» **About this task**:
Without the images, repeat every line of the listing verbatim.

» **Available data**:
▬▬▬▬▬▬▬▬▬▬

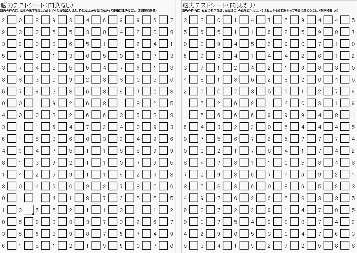 そこで実際に夜遅くまで起きて夜食を摂り、計算テストでどれほど頭の回転が変わるのか、実際に試してみました。
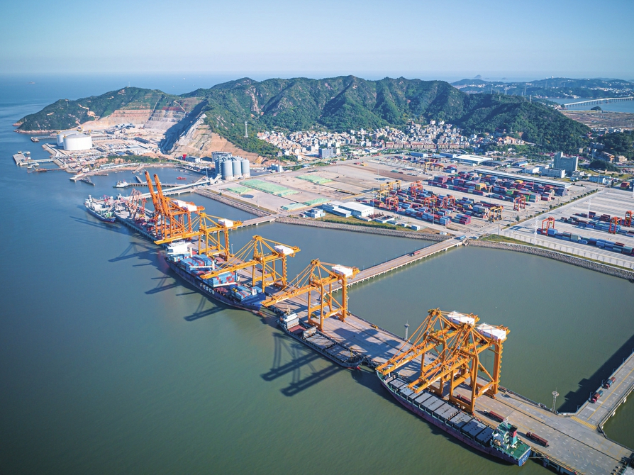 货轮停靠在温州港状元岙集装箱码头卸载集装箱(无人机照片)。新华社记者 江汉 摄
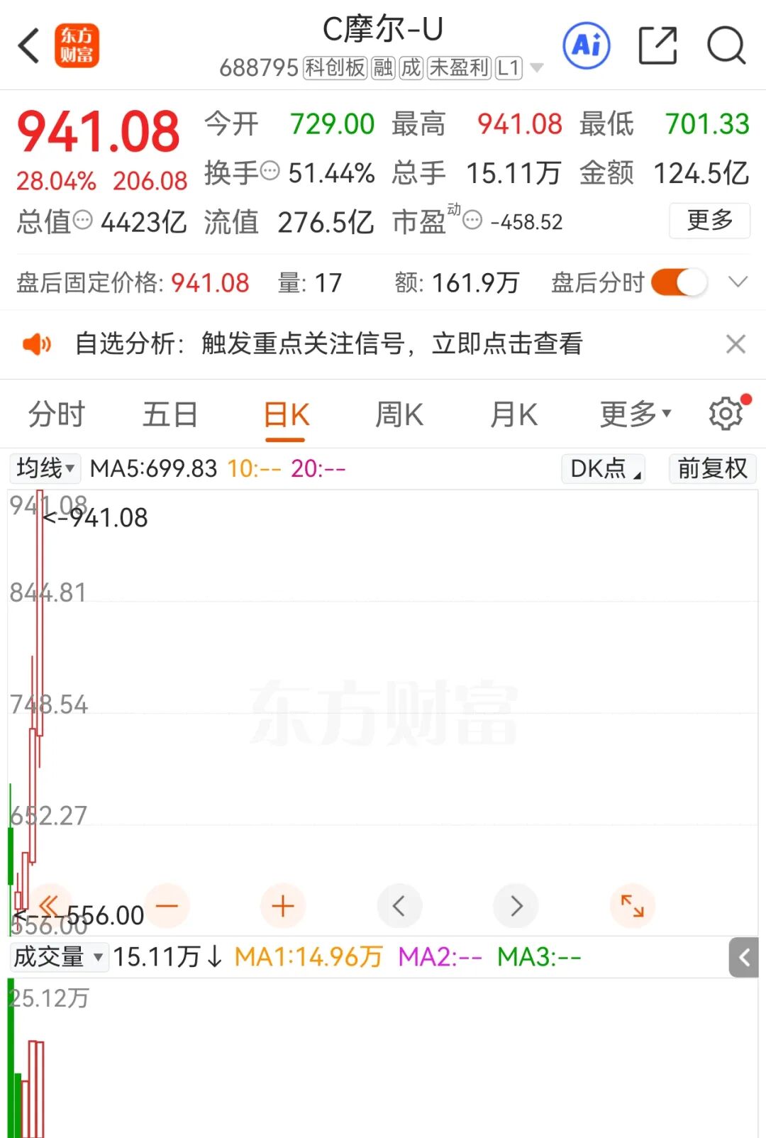 12月11日,GPU龙头企业摩尔线程大涨28%,总市值突破4400亿元,再创上市以来新高。自12月5日上市以来,摩尔线程股价累计涨幅超过700%。摩尔线程股价的大涨,让打新中签的投资者爆赚。如果投资者中签摩尔线程新股且至今未卖出,按11日收盘价941.08元/股计算,单签浮盈将超过41万元。

▬▬▬▬▬▬▬▬▬▬

» **Result of the exercise**:
 そこで実際に夜遅くまで起きて夜食を摂り、計算テストでどれほど頭の回転が変わるのか、実際に試してみました。
 货轮停靠在温州港状元岙集装箱码头卸载集装箱(无人机照片)。新华社记者 江汉 摄
 12月11日,GPU龙头企业摩尔线程大涨28%,总市值突破4400亿元,再创上市以来新高。自12月5日上市以来,摩尔线程股价累计涨幅超过700%。摩尔线程股价的大涨,让打新中签的投资者爆赚。如果投资者中签摩尔线程新股且至今未卖出,按11日收盘价941.08元/股计算,单签浮盈将超过41万元。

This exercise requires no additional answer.